Publishes lies. Mosk and editors should resign
Matthew Mosk writes
a front page story in the Washington Post based on demonstrably
false facts. This is a firing offense. Amanda
Carpenter over at Townhall has the story.
Mosk wrote:
The bundle of $2,300 and $4,600 checks that poured into
Sen. John McCain’s presidential campaign on March 12 came
from an unlikely group of California donors: a mechanic from
D&D Auto Repair in Whittier, the manager of Rite Aid Pharmacy
No. 5727, the 30-something owners of the Twilight Hookah Lounge in
Fullerton.
The catch is that 3 out of those 4 people did not donate to
McCain. As Amanda notes:
The donation record for Rite Aid General Manager
Ibrahim Marabeh, who gave to Hillary Clinton and Rudy Giuliani in
2007 and … the donation record for a man and a woman with the
last name Abdalla who both manage a Twilight Lounge. But Twilight
Lounge managers Nadia Abdalla and Hisham Abdalla gave money to
Clinton and Giuliani, too.
This is a front-page story. You would think that (1) Mosk would
check his facts and (2) his editors would recheck facts on a
front-page story.
These guys need to go. These aren’t journalists. These aren’t
even advocates.

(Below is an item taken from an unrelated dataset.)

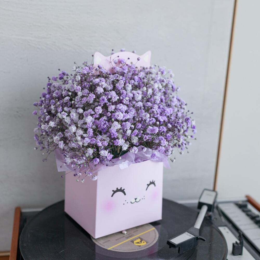 Тишью – 4 шт.Оазис флористический – 1 шт.коробка транспортировочная – 1 шт.коробка котик – 1 шт.гипсофила цветная – 5 шт.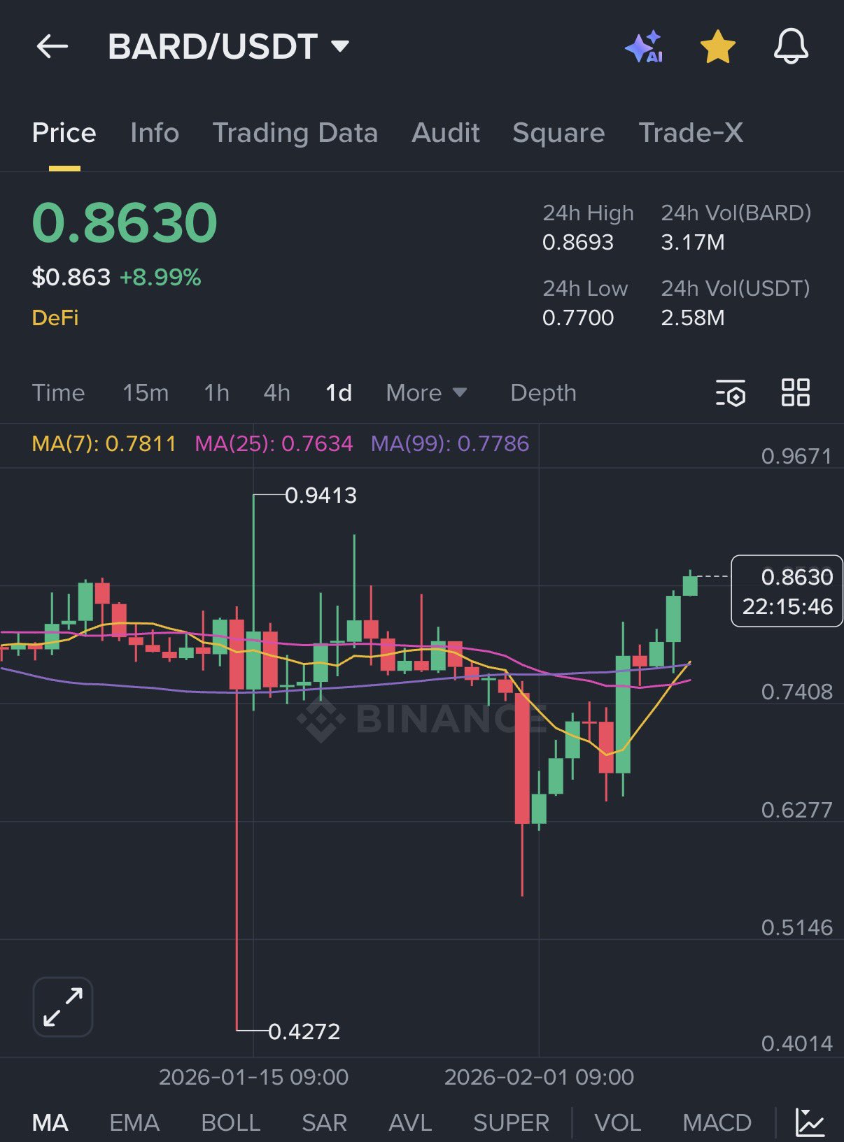 20 10 348 閱讀原文 >釋出後BARD走勢極度看漲BARD price rose by nearly 9% today, showing a strong rebound momentum, and the author’s sentiment is positive.

They are just liars.
UPDATE: The Post says:
The first name of McCain donor Faisal Abdullah was
misspelled in some versions of this story, including in the print
edition of The Washington Post. Also, the article incorrectly
identified a Rite Aide manager and two Twilight Hookah Lounge
owners as being among the donors Sargeant solicited on behalf of
McCain. Those donors – Rite Aid manager Ibrahim Marabeh, and the
lounge owners, Nadia and Shawn Abdalla – wrote checks to Giuliani
and Clinton, not McCain.
Note that this was a front-page story with names and dates and a
picture of John McCain. And all of the operative facts were
completely false. This is inexcusable.